When looking at an alternative looking product, you may assume it must be environmentally friendly. The marketers are assuming you will take one look at the packaging and product and make the purchase because it makes you feel good that you are purchasing a natural product that is also good for the environment. Companies are making the consumers feel like a more conscientious shopper because they have bought this "natural" product. They are assuming you won't be doing your research. But they are telling us half-truths and we are reacting emotionally.  We feel like we are making the moral choice by picking the "environmentally friendly" items and maybe later realize we were kind of duped. We could say it's better than nothing and I suppose that's true. Or it's a step in the right direction? Again, we are getting companies to take notice - but we must demand more than the baby steps that these companies are taking. We must keep them accountable because of course it is easier for them to do as little as it takes to satisfy their consumers. But we are smarter than that and we deserve more. 

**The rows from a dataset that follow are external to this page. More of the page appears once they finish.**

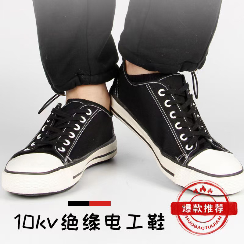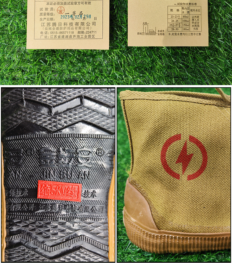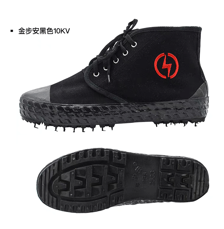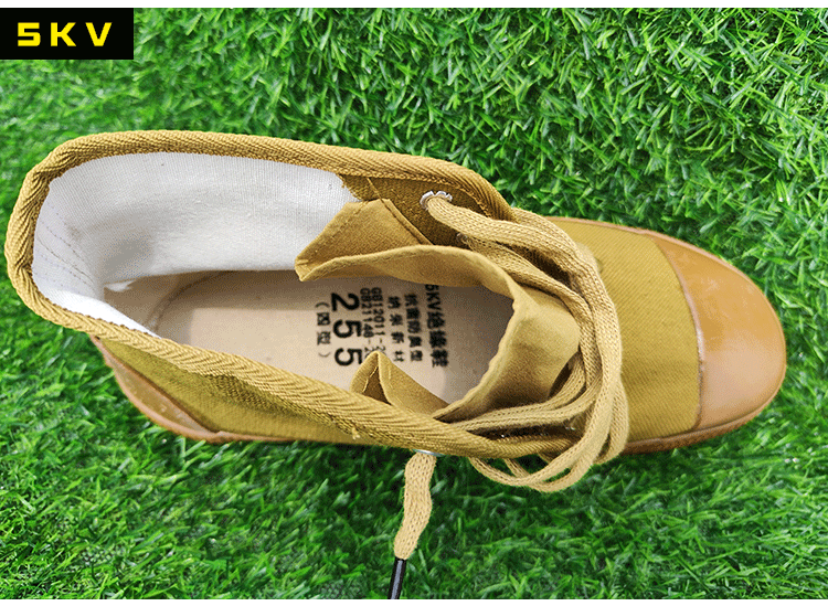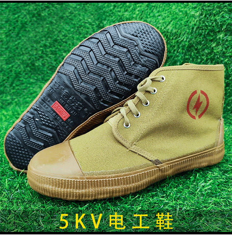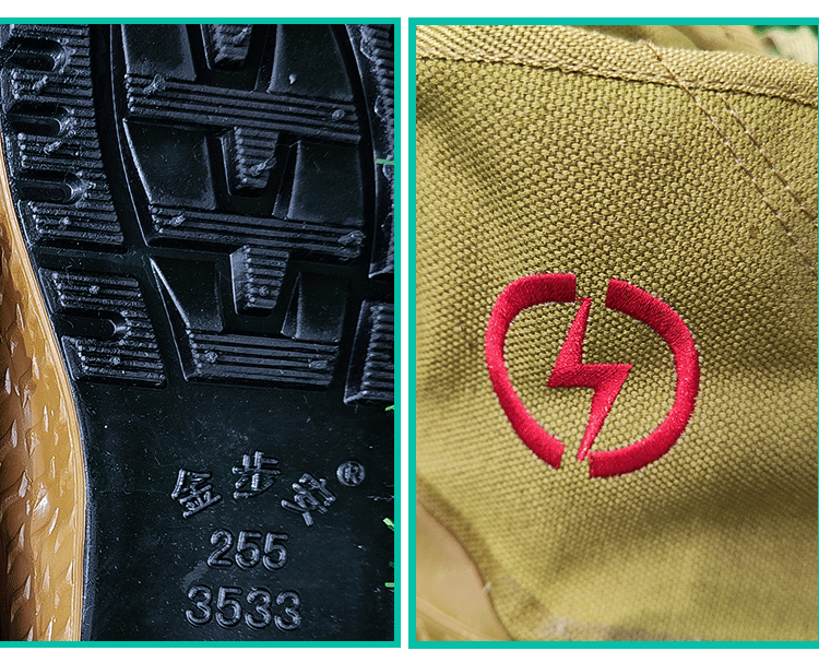 金步安10KV高压电工绝缘鞋帆布鞋军绿高邦橡胶工作劳保安全鞋防滑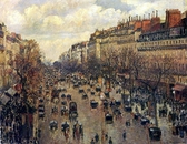 В 1889 году, после отказа от пуантилизма и возвращения к традиционной для импрессионистов манере, Писсарро, по примеру Моне, пишет виды Парижа при различном освещении, в разное время суток. Серия картин, изображавших бульвар Монмартр, стала одним из лучших достижений импрессионистов по передаче эффектов освещения и воздушной среды.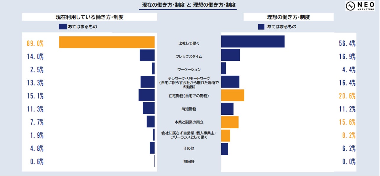 現在の働き方で89.0%の割合となった「出社して働く」は、理想の働き方となると56.4%と約半数にとどまりました。また出社以外で、現在の働き方と理想の働き方の乖離が5ポイント以上だったのが、「本業と副業の両立」「会社に属さず自営業・個人事業主・フリーランスとして働く」「在宅勤務(自宅での勤務)」でした。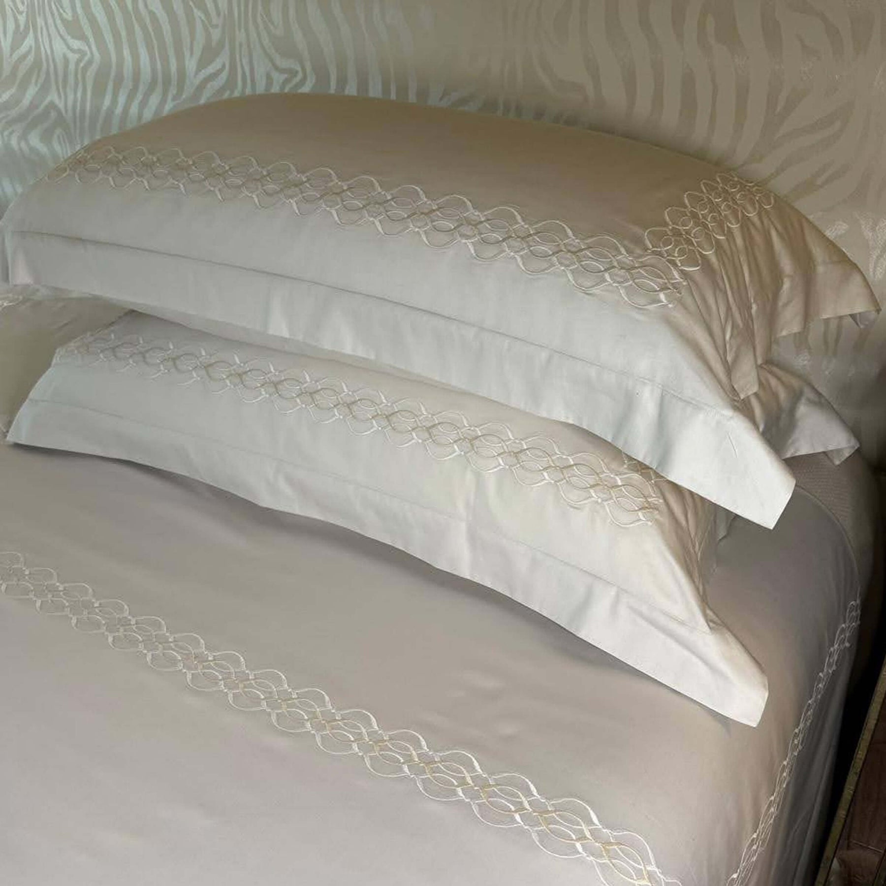 The OVAL CHAIN Embroidery features a sophisticated variation of the classic chain, showcasing Cittadini's timeless design. Each piece is meticulously embroidered on Egyptian cotton fabric, woven in Italy, to ensure the highest quality. The embroidery thread is mercerised, and the sheets are finished with a straight flange and mitred corners.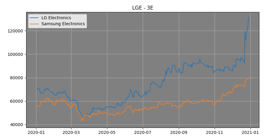요즘 주식이 매우매우 상승세를 타고있는 LG전자와 삼성전자의 일봉을 가져와서 표시해봅시다.
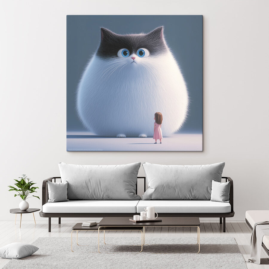 Wyobraź sobie zabawną scenę, w której mała dziewczynka wpatruje się w niemożliwie puszystego kota z oczami wielkimi jak spodki. Ten wydruk na płótnie to nie tylko sztuka; to kawałek kaprysu, który może wywołać uśmiech na twarzy każdego. Wygląda na to, że kot ma tajemnice, którymi chce się podzielić, a ta mała dziewczynka po prostu chce je poznać! Idealny do przytulnego kącika lub pokoju dziecięcego, pobudza wyobraźnię i śmiech. Odwiedzający mogą zatrzymać się, zachichotać i powiedzieć: “Czy to nie urocze?”. To delikatne przypomnienie, że czasami największe radości życia przychodzą w najbardziej puszystych opakowaniach.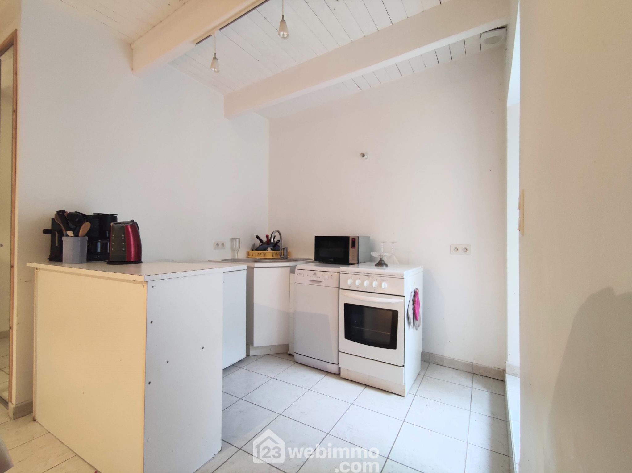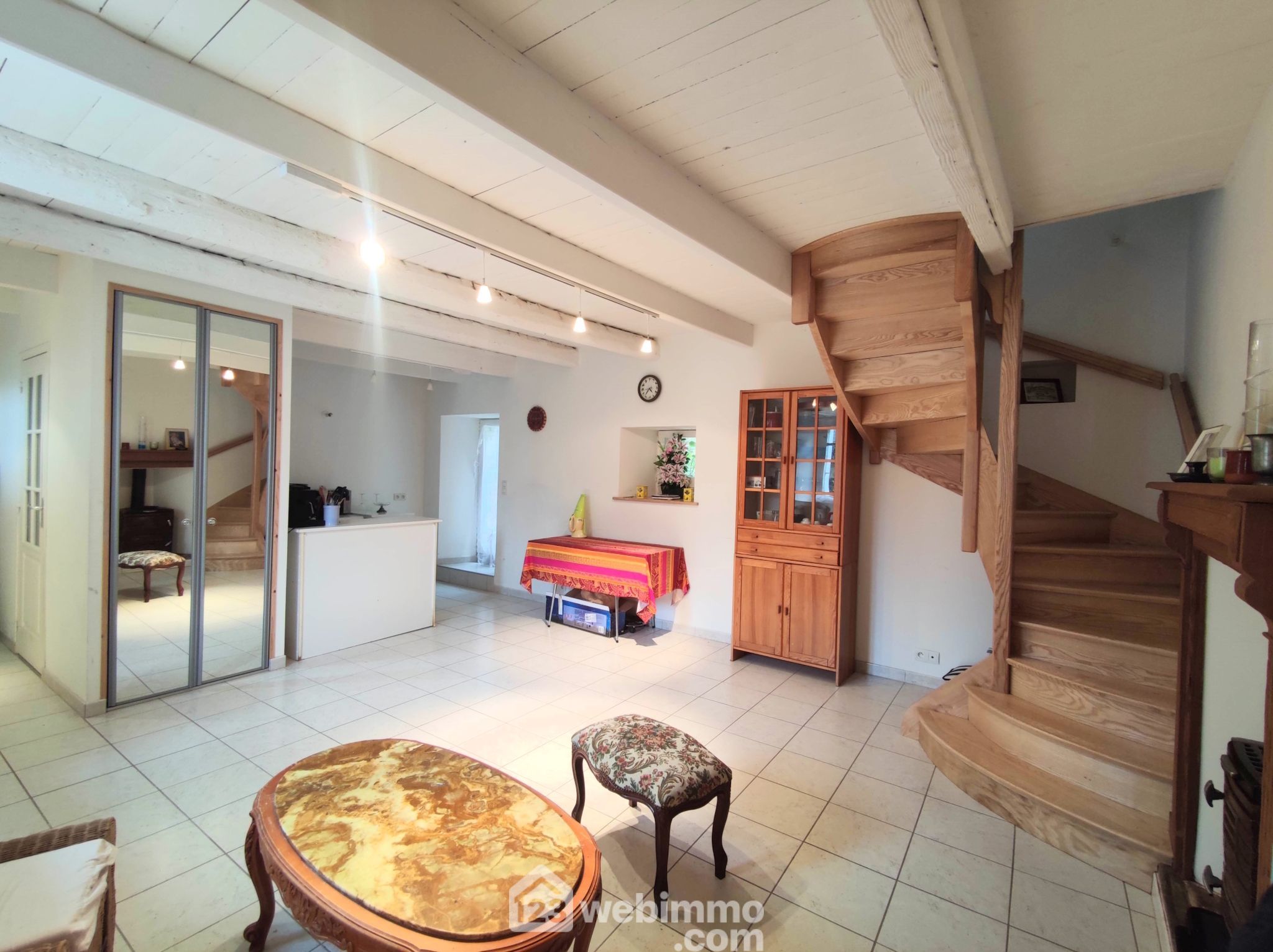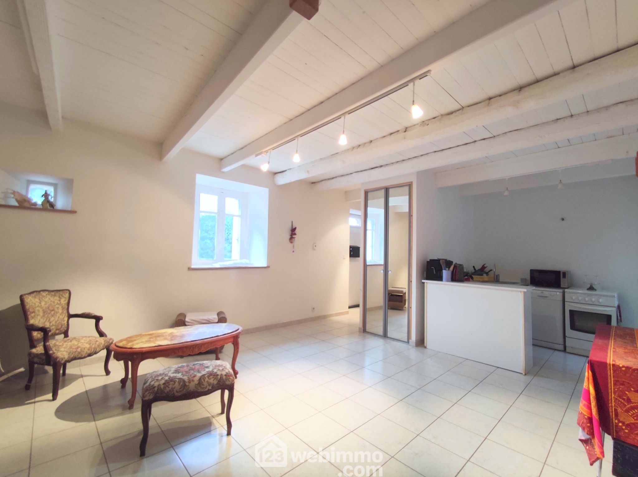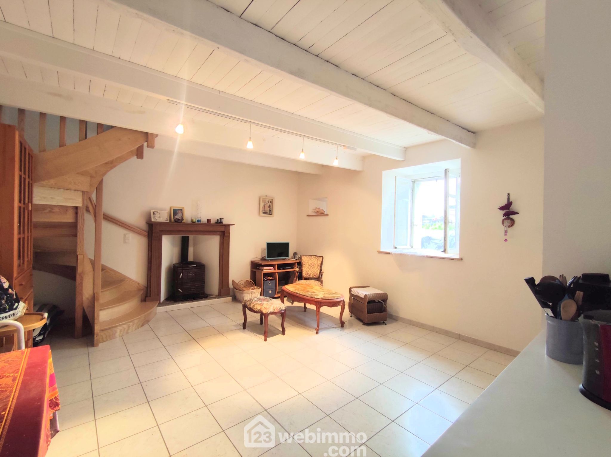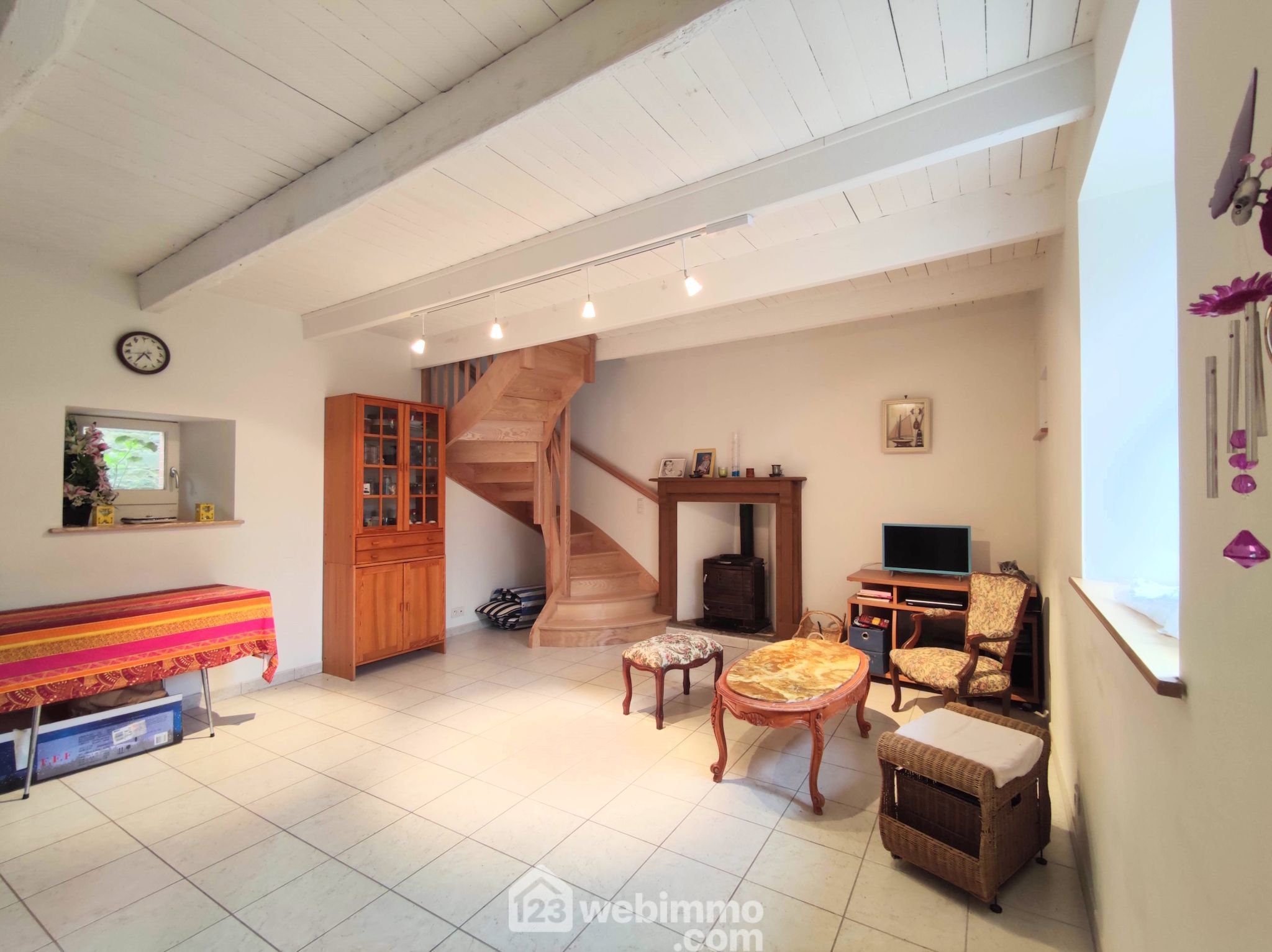 Cette charmante maison, se compose d'une entrée de 3m2, d'un salon-séjour de 21m2 avec un poêle à bois, une cuisine ouverte de 6m2 et un WC séparé avec lave mains.

If we are seeing greenwashing all over the place, you know it is happening in fashion as well. Although I suppose it wouldn't necessarily qualify as greenwashing, maybe we should coin a term? While we are working on that, we can also work on how to beware of companies who are using our own words against us. 

If a company is claiming to be fair-trade then they should be willing to be transparent about their practices. We want clear and concise answers readily available to us. When we see factory info clearly on a companies website, then it is easier to believe what they are saying. No sneakiness! (Check out how Everlane shows their factories - insert heart emoji here!!)

Right now there is an in-house Target brand called Universal Thread. They claim to have Fair-Trade denim. Kimberly and I spotted it this summer and were so excited! We tried it on along with a ton of Universal Thread's other clothing items. It wasn't until we were in the dressing room when we looked closer at the marketing. Universal Thread does in fact carry fair-trade denim. HOWEVER, they only carry a handful of pieces that are certified. The signage was next to the two pairs of denim that were certified and then there were other products on the table that were not certified. This was confusing and hear me when I say - INTENTIONAL!!! They are using the marketing to catch our attention and then not clarifying that the only products that are fair-trade is the two washes of denim. We were so frustrated and disillusioned by their marketing sneakiness that we put everything back and walked away. 

There have been several times I have sat down to try to figure out this particular line at Target. I would see it as such a win if we could get a company like Target behind our mission for fair-trade clothing! The label itself claims to be manufactured in a, 
"fair-trade certified factory". After some digging around and research I have found that it is trustworthy and most likely manufactured in the same factories as Everlane, J.Crew/Madewell and has also produced clothing for brands such as Eileen Fisher. The past several years this particular factory has become fair-trade certified as well as become part of an official marketing campaign with Everlane. 

Friends, our words and actions are making a difference! We must continue the process of holding companies accountable and seeing their follow through. Beware of tricky words and sneaky marketing campaigns. Let's do our research and demand more for the sake of the individuals making our clothes on the other side of the world!